Before my Chinese friends travel to the States to study I therefore inform them that, especially at the more elite universities, there is a list of acceptable opinions that cannot be contradicted without unfortunate consequences. Everybody knows what these opinions are so it is not necessary to recount them at this point. In any event, the days of open inquiry when educated people could politely disagree over a controversial issue are gone. My Chinese friends are always quite surprised by this. Fortunately, none of them have expressed an interest in discussing such topics in the first place. But they do need to know that traps will immediately ensnare them even if they unwittingly say the wrong thing.
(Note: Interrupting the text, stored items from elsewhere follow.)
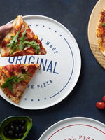 Ya sea que le gusten sus pizzas de Nápoles, Nueva York o Chicago, este plato es lo que necesitas para hornear o servir sus pizzas caseras desde el horno hasta la mesa. Están hechos de porcelana de calidad y cuentan con decoraciones con estilo caja de pizza.
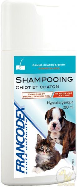 Od założenia firmy w 1985 roku Laboratoria FRANCODEX starają się zaspokoić potrzeby wszystkich właścicieli zwierząt domowych, proponując im szeroką i urozmaiconą gamę produktów do higieny i pielęgnacji m.in. psów, oraz kotów. Od samego początku powołaniem Laboratoriów FRANCODEX jest oferowanie – w ramach specjalistycznych punktów dystrybucyjnych – produktów stworzonych, by zapewniać zdrowie i dobre samopoczucie zwierząt domowych. FRANCODEX Łagodny szampon dla kociąt i szczeniakówŁagodnie myjący i nadający miękkości sierści szampon dla szczeniąt i kociąt. Nie szczypie w oczy i jest hipoalergiczny. Jego łagodna baza myjąca nie powoduje podrażnień skóry ani sierści. Polimery kationowe chronią sierść przed uszkodzeniami powstającymi pod wpływem działania czynników zewnętrznych. Zalecany również dla psów i kotów o wrażliwej skórze. Cechy charakterystyczne Specjalnie opracowany preparat dla wrażliwej skóry szczeniąt oraz kociąt. Odpowiedni także dla wrażliwych dorosłych psów i kotów. Delikatny dla oczu, skóry oraz sierści. Ma działanie hipoalergiczne. Przywraca sierści połysk i miękkość, a także ułatwia jej rozczesywanie. Zawiera wyciąg z rumianku, który działa zmiękczająco i polimery kationowe chroniące sierść przed uszkodzeniami atmosferycznymi a także ułatwiające rozczesywanie Zapewnia naturalny poziom nawilżenia. Oczyszcza sierść i pozostawia ją delikatnie pachnącą. Neutralne pH nie podrażnia wrażliwej skóry. Zapewnia delikatne oczyszczenie sierści. Sposób użycia Zmoczyć sierść letnią wodą. Nanieść szampon i masować do uzyskania piany. Pozostawić na kilka minut i dokładnie spłukać wodą. W razie konieczności zabieg powtórzyć. Chronić oczy, uszy i pysk pupila. Wielkość opakowania 200 ml
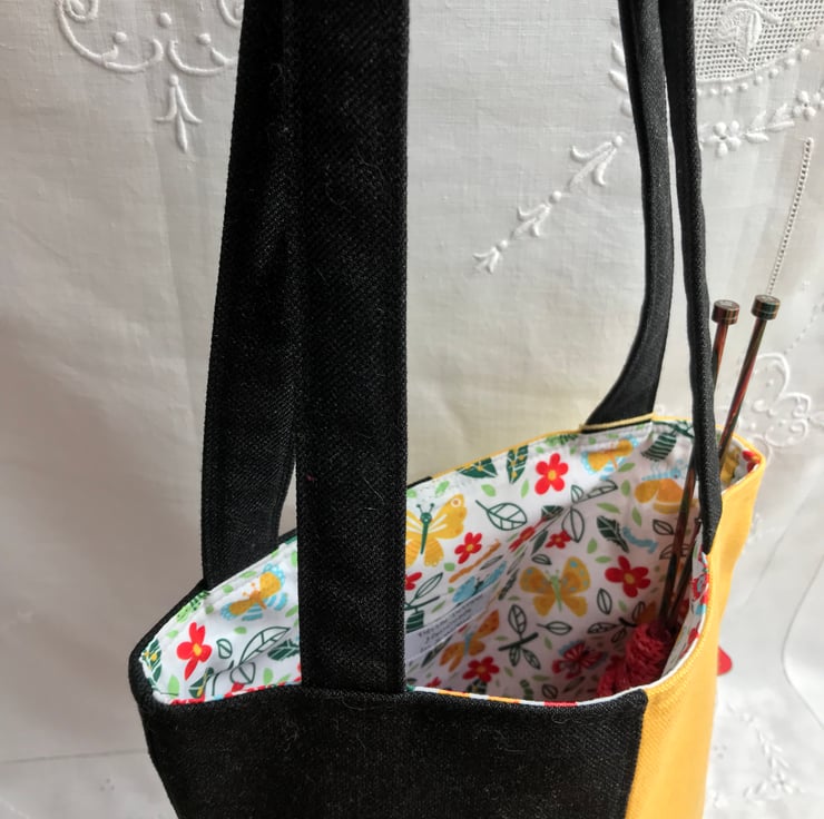 This project bag is an early sample and made with a high quality wool (black) and yellow cotton canvas. The style of this bag will remain within the product range but the mix of wool and cotton makes it quite expensive. Future bags of this style will be made with cotton canvas for both colours. It’s a great size for smaller projects such as cowls (there are 4 cowls inside the bag to prop it up in the photos) or shawls. The base has an insert made from bosal r to protect the needle points. The needles in the image are 35cm. Please note any yarn, needles or accessories in the images are for demonstration purposes. The approximate dimensions are H 11” x W 10” x D 4”.
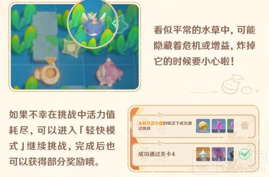 从活动开始的第一天起,每天会解锁一个新的关卡,共计6关。每关完成挑战即可获得70原石,总计可以获得420原石的奖励。此外还有经验书、摩拉、原矿等常规素材,以及瓦片系列的武器突破素材。
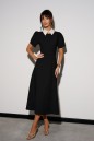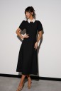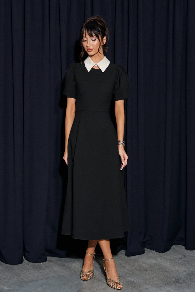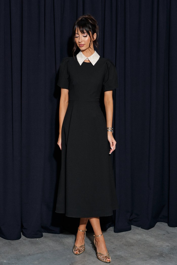 Платье-миди прилегающего силуэта со свободной юбкой. Выполнено из плательной ткани черного цвета. С подкладкой. Декорировано контрастным воротничком с кружевом (съёмный). Вырез горловины круглый. Рукав втачной, со сборкой. Застёжка - молния в среднем шве заднего полотна. По линии талии отрез. Длина рукава 24 см. Длина спинки 119 см
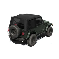 The Montana Soft Top is designed as a high-quality direct replacement for your Wrangler TJ's factory top. Simply remove the old top and slip on the new Montana Top. The Montana Soft Top features sturdy reinforced stitching on the heavy pull areas and heavy-duty 30 mil thick rolled glass windows with a 31% tint to help keep out the direct sunlight. All Montana Soft Tops are built from 20 oz. durable vinyl coated Black Diamond polyester and cotton fabric that defies the elements. All sewn seams are double-stitched using marine grade thread for superior sun and moisture resistance. Each stitched seam is literally welded shut with a durable heat seal to repel moisture while maintaining the look of the original top. Installing the Rugged Ridge Montana Top is easy with the factory original belt rail attachment method; simply tuck the skirt under the rail and go! Each Rugged Ridge Montana Soft Top is backed by an industry leading 5-year limited warranty against manufacturer defects.
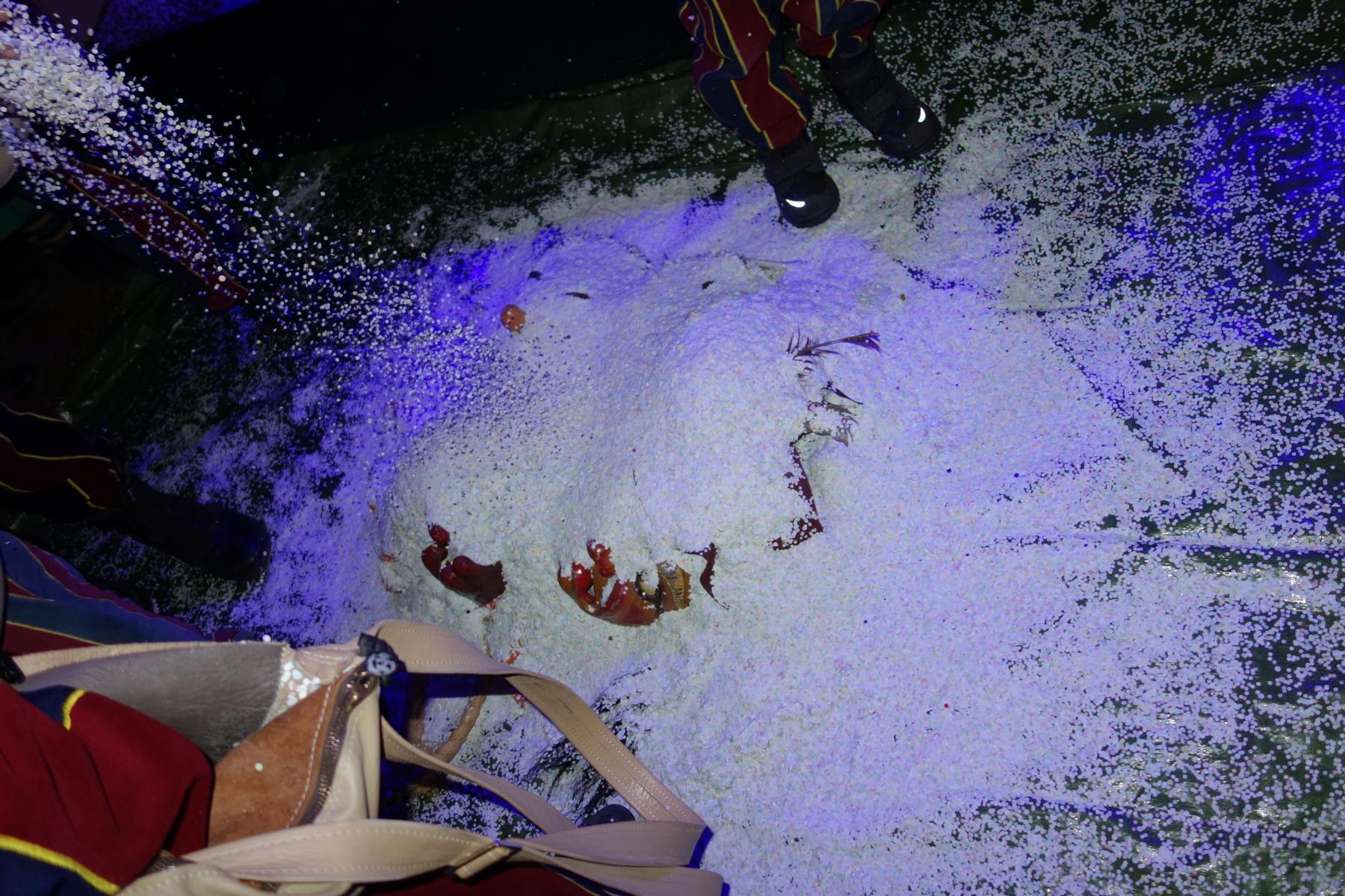 Leider betrat zu vorgeschrittener Stunde ein Mönchen im Henkersgewand mit einer Sichel bewaffnet die Bühne. Zu biblisch vorgetragenen Texten hauchte er unseren Masken das Leben aus. Zur letzten Ruhe für die Fasnet 2023 gebettet, kondolierten die Anwesenden mit Konfetti.
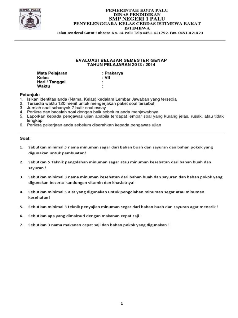Sebagaimana yang kita ketahui bersama bahwa ulangan tengah semester (uts) dilaksanakan setelah materi pelajaran semester genap selesai. soal dan kunci jawaban pat prakarya smp kelas 8 kurikulum 2013 tahun pelajaran 2018 2019 didno76 com. Berikut ini adalah contoh soal penilaian tengah semester (pts/ uts) mata pelajaran prakarya kelas 7 (vii) semester 1 (ganjil/ gasal) smp/ mts berdasarkan kurikulum 2013 edisi revisi 2016/2017. Untuk pembahasan terlengkapnya bisa sobat simak berikut dibawah ini. soal pts/uts prakarya kelas 7 semester 1 smp/mts kurikulum 2013.
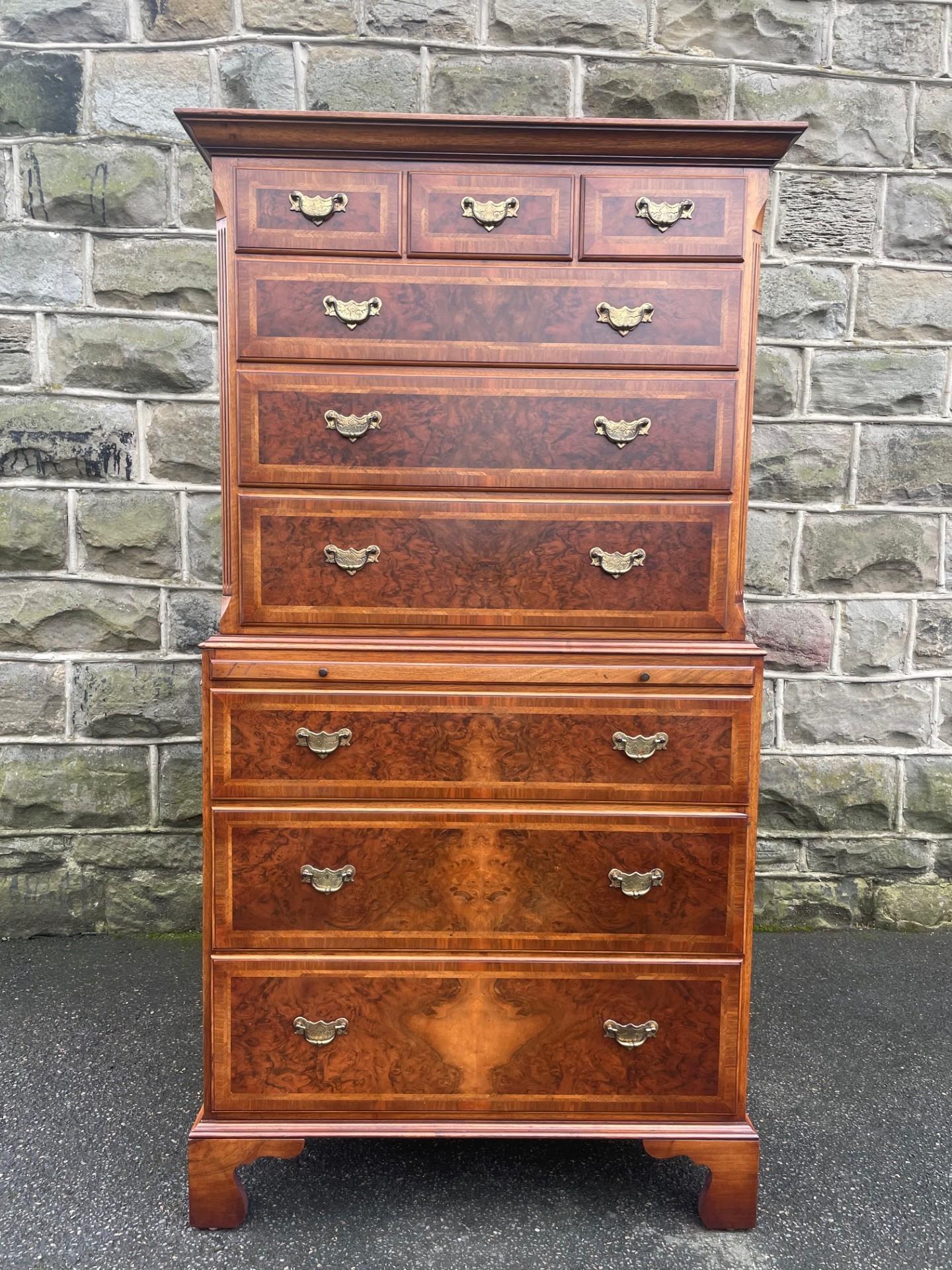 Offered for sale is this superb quality inlaid burr walnut chest on chest / tallboy.
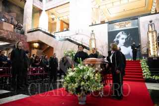 CIUDAD DE MÉXICO, 30NOVIEMBRE2024.- Alejandra Guzmán, Sylvia Pasquel, Stephanie Salas y Michelle Salas, abrazan el féretro de Silvia Pinal durante su homenaje luctuoso realizado en el Palacio de Bellas Artes. FOTO: SECRETARÍA DE CULTURA/CUARTOSCURO.COM
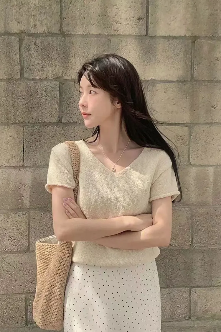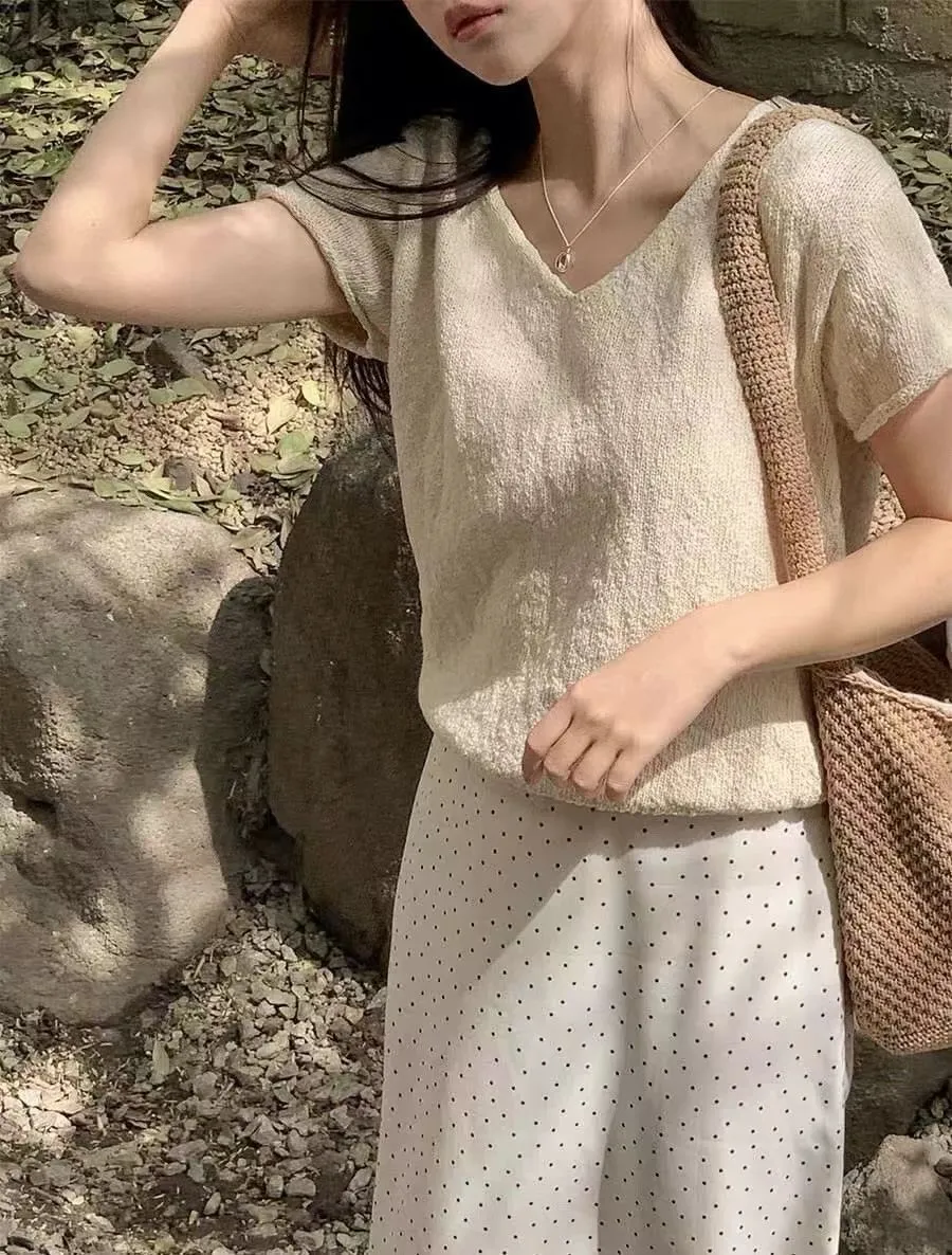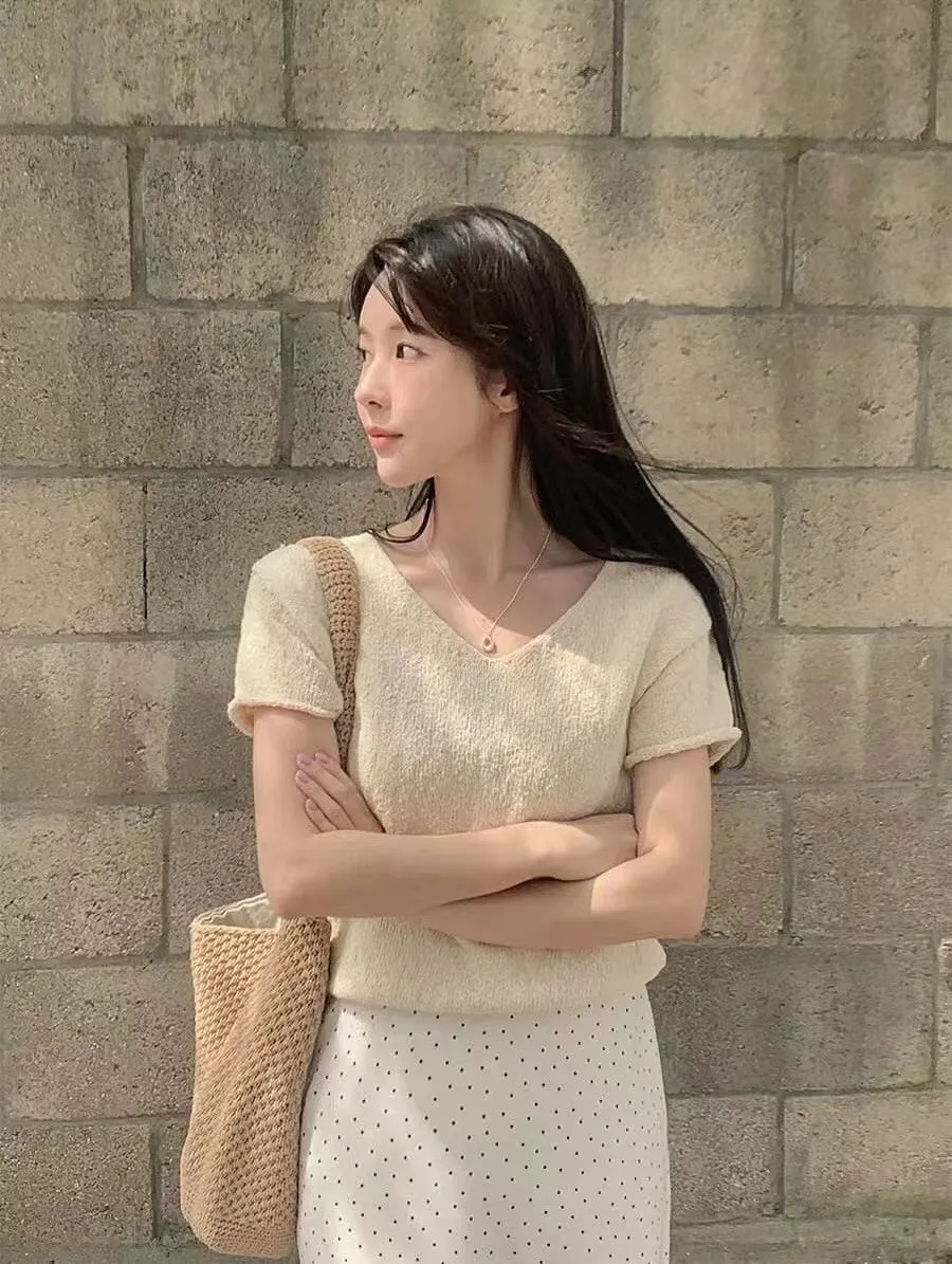V領針織短袖衫💥
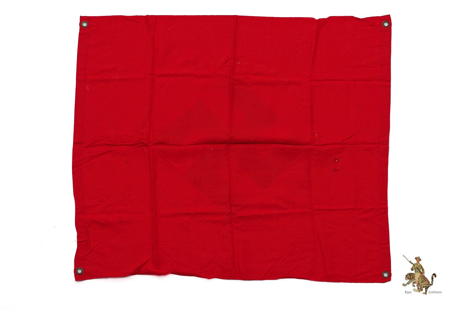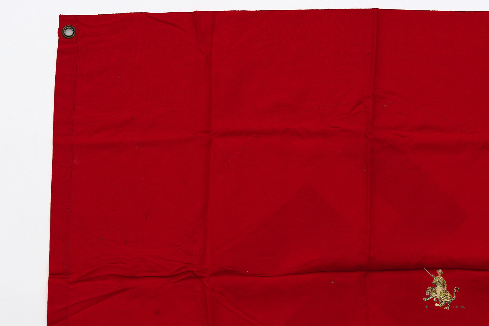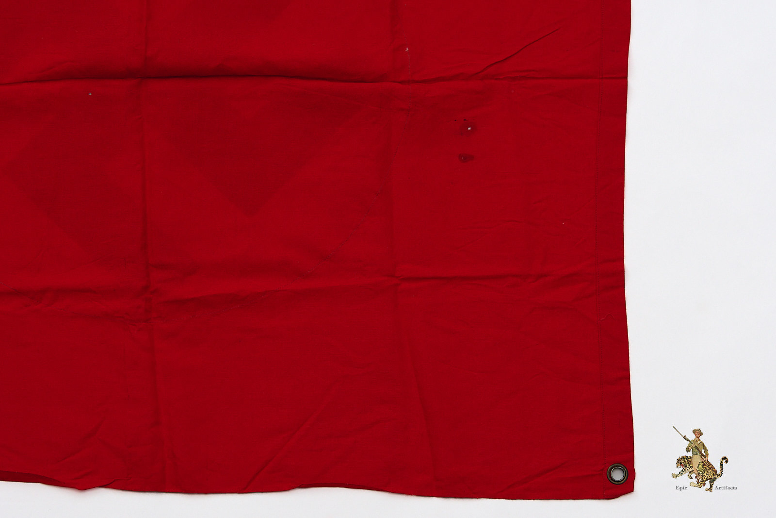 Product Description: An NSDAP Vehicle Marker Flag 70″ x 30″, presented in good condition. The red polished cotton flag measures 70″ x 30″ and features a central white roundel with a printed black swastika, machine-sewn into place. The black swastika shows expected wear consistent with age and storage, and the field exhibits minor spotting and areas of discoloration. Each corner is fitted with a metal eyelet for secure attachment to a vehicle. This NSDAP Vehicle Marker Flag 70″ x 30″ rates as excellent condition.

Q15. As one of a relatively small group of Westerners still living and working in China, how have things changed with the exodus of so many foreigners? Do you see more people moving back?
The Chinese government is sending out mixed signals these days. On one hand they say they want 50,000 Americans students studying in China, but currently that number is stuck at only 700. They say they welcome foreigners, but all English language schools have been closed, and because foreigners don’t have Chinese identity cards, they can’t buy tickets online to most museums and events, and they can’t stay at many hotels either. And every time a Chinese cell phone receives a call from outside of China, it displays the message: “You have received a phone call from overseas! Beware! Somebody might be trying to cheat you! Do you want to accept this call, yes or no? Click here.” Then there are the omnipresent reminders in Chinese media that foreigners might be spies, and that the Chinese should be very wary of foreigners and not share any sensitive information with them. How do you know your boyfriend doesn’t work for the CIA?
But despite the government’s mixed signals, as I mentioned above, I have never experienced any problems in China. Some foreigners also appear to be returning. For the past two years when I extended my work visa I was not only the only foreigner applying for an extension, I was the only person standing in front of 15 empty windows. But last week when I renewed my visa there were perhaps a dozen foreigners waiting in line. It looks like things are gradually returning to normal.
Q16. Please share any favorite books, blogs, podcasts or other resources that readers could use to improve their understanding of China, classical poetry/literature or any related topics.
William Overholt’s China’s Crisis of Success was published in 2018. He argues that China is “on the cusp of greatness, stagnation or tragedy.” Recall that Overholt is the one who throughout the 1980s wrote that Deng Xiaoping’s reforms would eventually turn China into a superpower, and that in 1994 he published The Rise of China: How Economic Reform is Creating a New Superpower. Sinologists thought he was crazy. The US government thought that China was on the verge of collapse. But Overholt was correct. Is he correct again? He does not claim to know whether greatness, stagnation or tragedy will be China’s fate, as he doesn’t know what policies will be implemented, but it’s clear which road he thinks the Chinese government is currently on.
Scott Rozelle and Natalie Hell’s Invisible China: How the Urban-Rural Divide Threatens China’s Rise argues that China’s future as an economic powerhouse depends on its ability to develop human capital properly, but that in this regard today it resembles Mexico of the 1980s instead of Korea or Taiwan of that time period. They argue that China invested too much in physical infrastructure and not enough in rural education if the goal is a modern developed economy. As may be deduced from the title, Invisible China examines things that most people have not been paying attention to but probably should.